- Problem description: Please repeat, exactly and without pictures, the lines of the entries below that run from the one containing "¹æ¹® ÇÁ·Î±×¡¦ |" through the one containing "レザーズアンドトレジャーズ スペシャルエディションリング w/K18ストーンクロス&フレアデリー".

- Provided data:

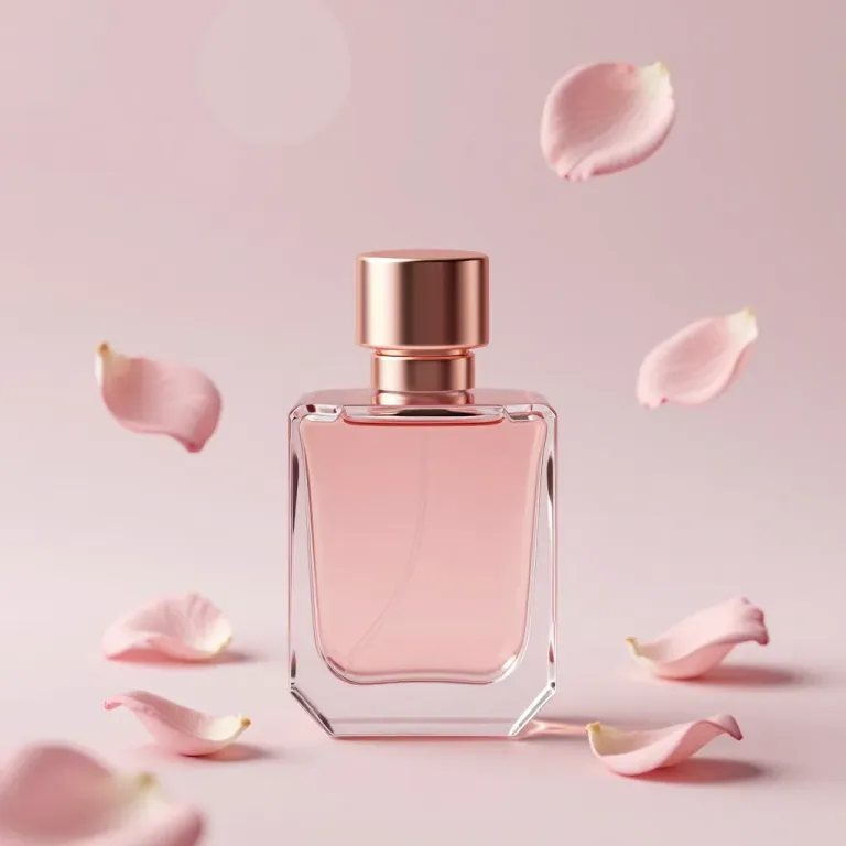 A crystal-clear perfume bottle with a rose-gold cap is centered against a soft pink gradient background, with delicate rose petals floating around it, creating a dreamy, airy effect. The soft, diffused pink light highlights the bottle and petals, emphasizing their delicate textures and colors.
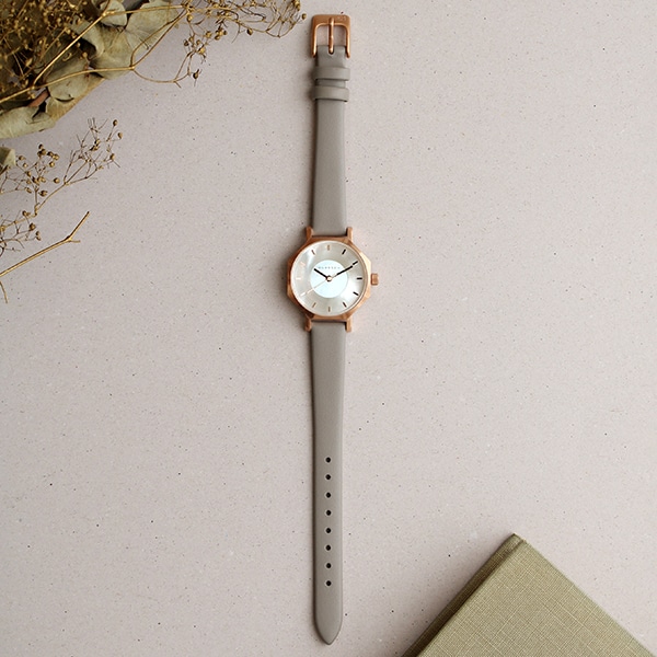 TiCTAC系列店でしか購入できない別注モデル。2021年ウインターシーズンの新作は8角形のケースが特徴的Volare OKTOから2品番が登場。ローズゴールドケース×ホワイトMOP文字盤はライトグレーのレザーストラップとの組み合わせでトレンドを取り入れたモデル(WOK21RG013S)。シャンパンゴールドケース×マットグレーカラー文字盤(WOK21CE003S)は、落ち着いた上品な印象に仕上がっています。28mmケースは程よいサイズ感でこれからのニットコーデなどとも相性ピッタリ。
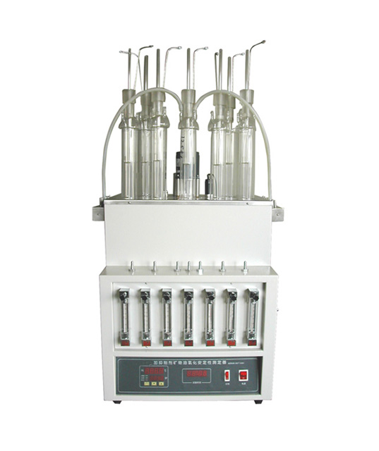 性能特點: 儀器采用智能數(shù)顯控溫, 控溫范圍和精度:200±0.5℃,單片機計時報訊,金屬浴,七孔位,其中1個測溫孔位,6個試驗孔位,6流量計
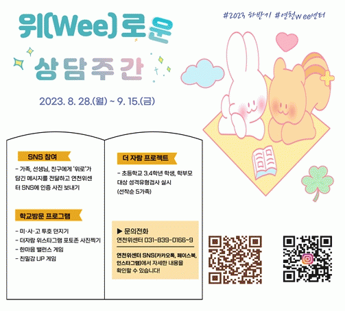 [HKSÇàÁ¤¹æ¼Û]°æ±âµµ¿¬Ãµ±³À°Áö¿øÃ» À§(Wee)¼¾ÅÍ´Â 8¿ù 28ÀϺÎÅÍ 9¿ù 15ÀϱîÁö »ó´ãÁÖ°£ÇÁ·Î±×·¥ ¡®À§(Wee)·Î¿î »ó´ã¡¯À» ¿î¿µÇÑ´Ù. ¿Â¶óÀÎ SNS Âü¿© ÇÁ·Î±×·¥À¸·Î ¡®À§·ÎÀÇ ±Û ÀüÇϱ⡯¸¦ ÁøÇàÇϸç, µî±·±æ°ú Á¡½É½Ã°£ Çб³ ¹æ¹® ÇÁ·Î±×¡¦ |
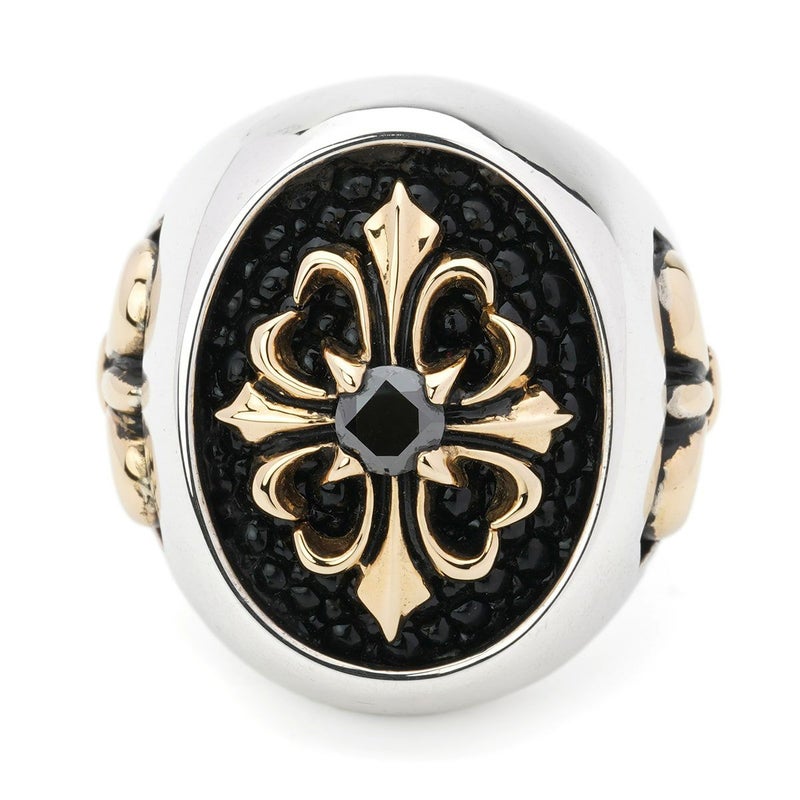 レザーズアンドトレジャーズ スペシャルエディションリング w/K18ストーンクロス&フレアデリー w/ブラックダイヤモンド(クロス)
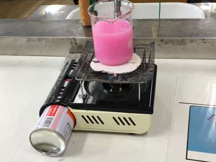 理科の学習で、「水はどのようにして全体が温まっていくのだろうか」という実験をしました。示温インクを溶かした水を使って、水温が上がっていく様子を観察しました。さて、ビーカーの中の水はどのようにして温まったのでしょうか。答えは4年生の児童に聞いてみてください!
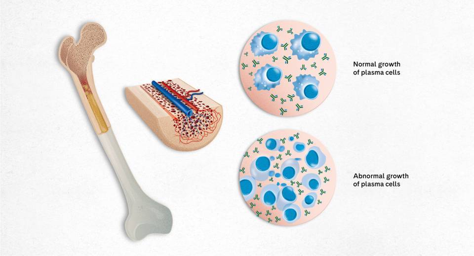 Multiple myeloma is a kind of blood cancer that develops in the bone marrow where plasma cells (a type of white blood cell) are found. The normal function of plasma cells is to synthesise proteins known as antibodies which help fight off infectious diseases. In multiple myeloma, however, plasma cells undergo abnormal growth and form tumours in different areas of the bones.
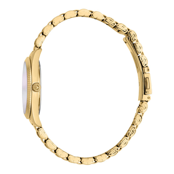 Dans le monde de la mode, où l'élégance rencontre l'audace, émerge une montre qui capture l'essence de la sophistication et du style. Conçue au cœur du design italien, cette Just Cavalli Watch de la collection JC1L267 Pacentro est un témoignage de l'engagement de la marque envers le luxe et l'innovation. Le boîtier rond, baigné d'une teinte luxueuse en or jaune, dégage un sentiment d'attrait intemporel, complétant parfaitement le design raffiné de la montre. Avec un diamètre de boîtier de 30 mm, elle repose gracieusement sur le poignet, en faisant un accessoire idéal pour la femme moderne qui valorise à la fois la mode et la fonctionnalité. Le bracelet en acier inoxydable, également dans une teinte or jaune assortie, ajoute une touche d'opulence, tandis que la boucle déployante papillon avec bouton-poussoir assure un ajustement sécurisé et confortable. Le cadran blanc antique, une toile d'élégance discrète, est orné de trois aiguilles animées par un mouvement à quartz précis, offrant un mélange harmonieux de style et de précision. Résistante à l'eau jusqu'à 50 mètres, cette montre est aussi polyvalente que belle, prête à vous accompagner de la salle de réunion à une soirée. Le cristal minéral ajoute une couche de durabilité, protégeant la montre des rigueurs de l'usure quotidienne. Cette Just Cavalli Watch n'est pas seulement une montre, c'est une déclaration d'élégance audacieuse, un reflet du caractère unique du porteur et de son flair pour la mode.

==

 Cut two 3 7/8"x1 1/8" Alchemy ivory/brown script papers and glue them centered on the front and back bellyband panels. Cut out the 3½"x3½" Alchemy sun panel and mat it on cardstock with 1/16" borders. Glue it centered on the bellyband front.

- Result of this exercise:
 [HKSÇàÁ¤¹æ¼Û]°æ±âµµ¿¬Ãµ±³À°Áö¿øÃ» À§(Wee)¼¾ÅÍ´Â 8¿ù 28ÀϺÎÅÍ 9¿ù 15ÀϱîÁö »ó´ãÁÖ°£ÇÁ·Î±×·¥ ¡®À§(Wee)·Î¿î »ó´ã¡¯À» ¿î¿µÇÑ´Ù. ¿Â¶óÀÎ SNS Âü¿© ÇÁ·Î±×·¥À¸·Î ¡®À§·ÎÀÇ ±Û ÀüÇϱ⡯¸¦ ÁøÇàÇϸç, µî±·±æ°ú Á¡½É½Ã°£ Çб³ ¹æ¹® ÇÁ·Î±×¡¦ |
 レザーズアンドトレジャーズ スペシャルエディションリング w/K18ストーンクロス&フレアデリー w/ブラックダイヤモンド(クロス)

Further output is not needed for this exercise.